La actriz Rossy de Palma consideraba en la Universidad Internacional Menéndez Pelayo (UIMP) que “el arte necesita al poder para desarrollarse” y éste “limpia su conciencia con las subvenciones” y defendió que ella “siempre” ha reivindicado su “anarquismo individualista”.
Así lo señaló en una rueda de prensa celebrada con motivo de su presentación en Santander de la obra ‘(des) Variaciones Golberg’ que interpretará esta noche -a partir de las 22.00 horas- en el Paraninfo de Las Llamas junto al director ‘david fernández’.
Precisamente, la actriz explicó que la obra que representarán esta noche es una “reivindicación de la libertad escénica”, en la que “sin caer en el terreno de lo absurdo” se juega con lo abstracto y la libertad de poder. “Para mí lo más bonito es que en el teatro lo accidental esté invitado”, dijo, al tiempo que señaló la importancia que para ella representa “la difusión entre el personaje y uno mismo”.
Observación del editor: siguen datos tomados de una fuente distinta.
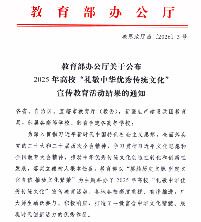 “礼敬中华优秀传统文化”宣传教育活动由教育部思想政治工作司牵头主办,是教育部立足中华优秀传统文化传承发展,持续加强高校传统文化教育、深化校园文化建设的重要长效举措,旨在推动中华文脉在校园落地生根、薪火相传。2025年活动共遴选全国高校优秀作品305项,江苏省高职院校共有13个项目入选,我校2项作品入选位列江苏省高职院校第二位,实现重大突破,充分展现了学校在文化育人领域的扎实积累和创新探索。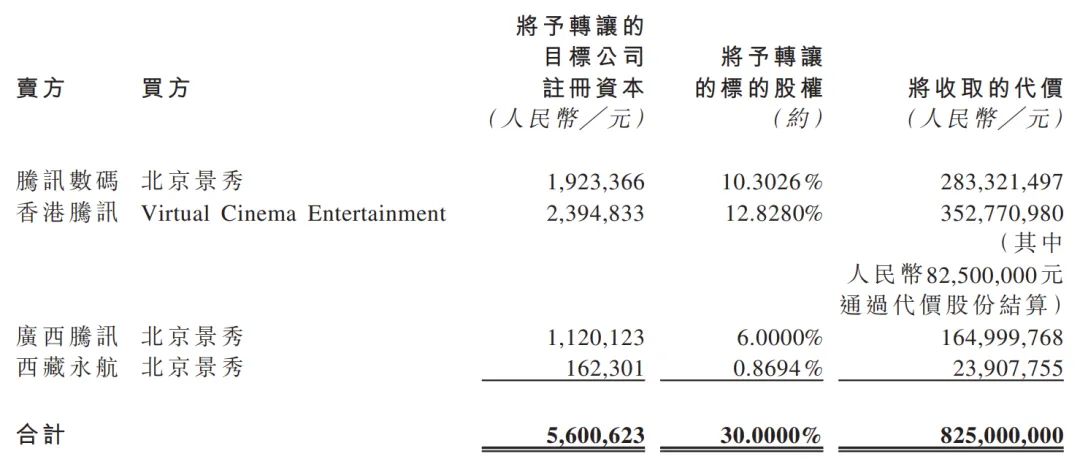 具体细节如下:腾讯数字向北京景秀 转让10.3026%股票,套现 香港腾讯2.83亿元; 去Virtual Cinema Entertainment出售12.8280%股票,套现3.53亿元;广西腾讯向北京景秀出售6%股票,套现1.65亿元;西藏永航向北京景秀出售 0.8694%的股票 2391万元。

Por su parte, el director afirmó que el espectáculo “habla de transgresión”, de cómo traspasar los límites marcados. “A mí me han puesto muchos límites siempre y como mejor me lo paso es saltándomelos”, añadió el actor, quien señaló que “toma” el teatro como un lugar de rebeldía en el que “romper con todo”.
Así, explicó que ha utilizado la estructura de las variaciones de Bach para componer una obra en la que la historia está vertebrada por la relación entre el arte y el poder. “En este espectáculo no existe el límite”, subrayó el director.
En este sentido, Fernández apuntó que ésta es la segunda obra que produce sobre el compositor alemán, que para él representa “el suelo sobre el que caminar y construir cimientos”. “Bach me da fuerza y me acompaña cuando estoy bien y mal”, añadió.
En relación a los derechos de autor, los artistas coincidieron en señalar la importancia de estos, aunque según el director, la SGAE mantiene una posición “de monopolio y de poder brutal”. En la misma línea, De Palma comentó que “no se le pueden poner puertas al campo, ni el campo necesita puertas” y opinó que las personas que compran en el top manta, probablemente no adquirirían el mismo producto en la tienda y, por lo tanto, “no se puede pensar que ese dinero potencial se hubiera perdido, porque tampoco se hubiera ganado”, concluyó.